12. The gas powered gun of claim 11, wherein the bolt carrier group
further comprises a bolt probe configured to receive a portion of
the compressed gas used to eject the projectile from the gun.
13. The gas powered gun of claim 12, wherein the bolt lock
regulator poppet receives compressed gas through the bolt probe for
actuation of the bolt assembly.
14. The gas powered gun of claim 13, wherein the bolt lock
regulator poppet is adjustable.
15. The gas powered gun of claim 8, wherein the bolt carrier group
further comprises a bolt lock bushing.
16. The gas powered gun of claim 8, wherein the bolt assembly
further comprises a bolt bushing configured to receive at least a
portion of the bolt carrier group and allow actuation one or more
components of the bolt carrier group relative to the bolt
bushing.
17. The gas powered gun of claim 1, wherein the gas distribution
assembly comprises a high pressure port configured to receive
compressed gas.
18. The gas powered gun of claim 17, wherein the gas distribution
assembly further comprises a valve poppet configured to release the
compressed gas in the high pressure port for ejecting the
projectile from the gun.
19. The gas powered gun of claim 18, further comprising a valve
stem coupled to the valve poppet, the valve stem configured to
actuate the valve poppet in response to being struck by a valve
striker.
20. The gas powered gun of claim 18, wherein the valve poppet is
adjustable.
Description
TECHNICAL FIELD
[0001] Embodiments of the invention are directed, in general, to
compressed gas-powered guns and, more specifically, to an efficient
high-velocity compressed gas-powered gun.
BACKGROUND
[0002] A variety of configuration of projectile guns, such as BB
guns and pellet guns, exist.

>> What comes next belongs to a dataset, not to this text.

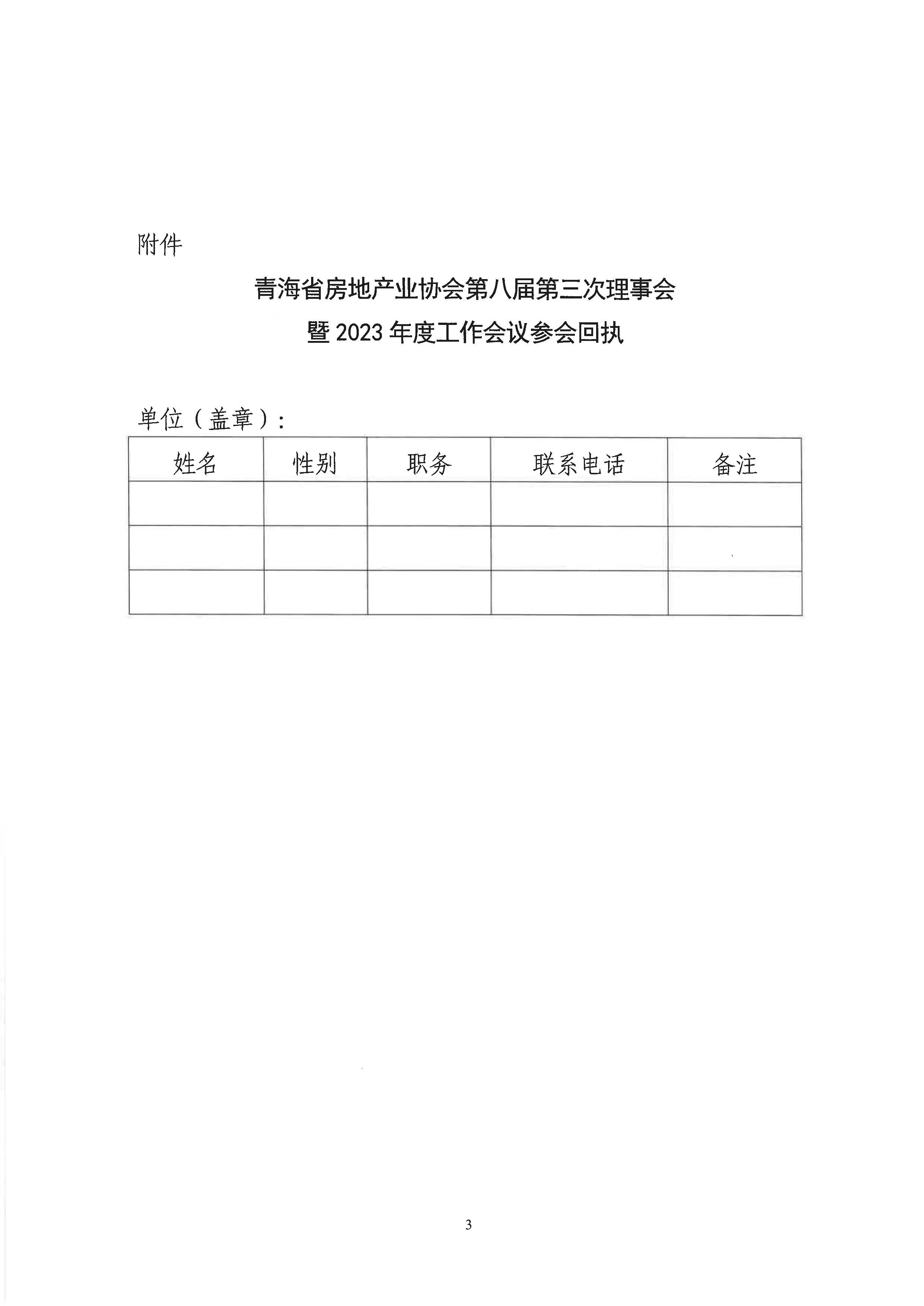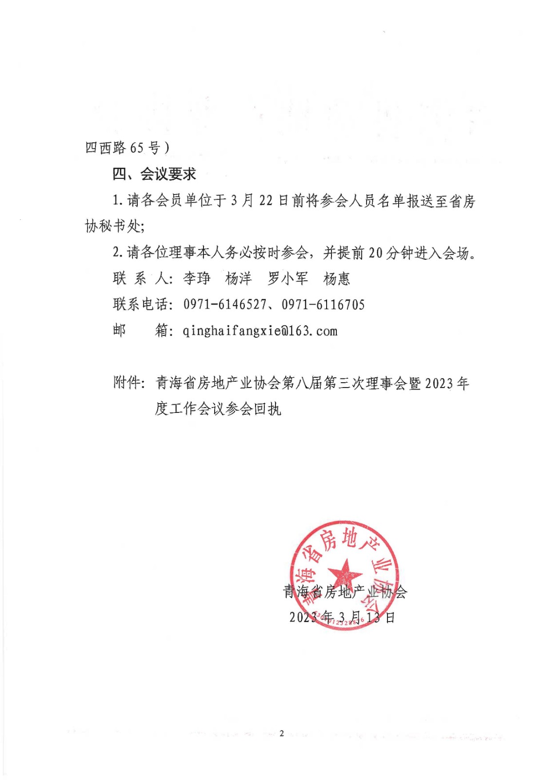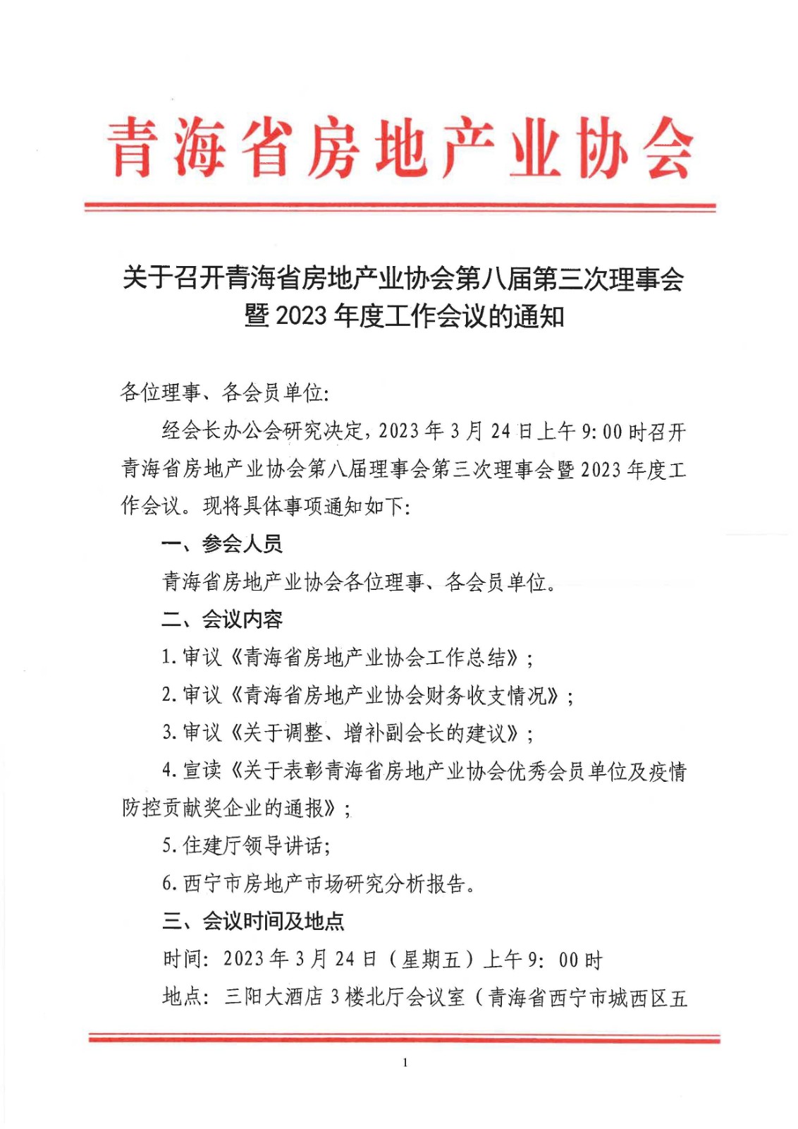 关于召开青海省房地产业协会第八届第三次理事会暨2023年度工作会议的通知

Some configurations are spring-loaded
and use the mechanical energy of a spring to eject the projectile
at a high rate of speed. Other configurations rely on compressed
gas as the power source for ejecting the projectile from a barrel
of the gun. Projectile guns exist in rifle configurations and
pistol or handgun configurations. Additionally, there are currently
single-shot configurations, semi-automatic configurations, and
fully automatic configurations in existence.
[0003] Most compressed-gas guns use the compressed gas
inefficiently. Previous designs of compressed-gas projectile guns
are often lossy, or use more compressed-gas used with each shot
than needed. Gas use efficiency is important, particularly for guns
that operate on CO2 cartridges, and for automatic and
semi-automatic guns. Gas losses can reduce the operation time on a
compressed gas power source, and can increase cost of use.
SUMMARY
[0004] Embodiments of efficient high-velocity compressed
gas-powered guns are described. In an embodiment, the gas-powered
gun includes a lower receiver having a trigger assembly. The
gas-powered gun may also include an upper receiver having a bolt
assembly configured to operate in response to actuation of the
trigger assembly, and a gas distribution assembly coupled to the
bolt assembly, the gas distribution assembly configured to actuate
the bolt assembly with a portion of gas used to fire a
projectile.
[0005] In an embodiment, the trigger assembly includes a drop sear
configured to at least partially rest on a surface of a shelf sear,
the shelf sear being coupled to a trigger lever. In such an
embodiment, the trigger assembly may also an auto sear configured
to engage a portion of the drop sear to cause the trigger assembly
to fire repeatedly until the trigger lever is released.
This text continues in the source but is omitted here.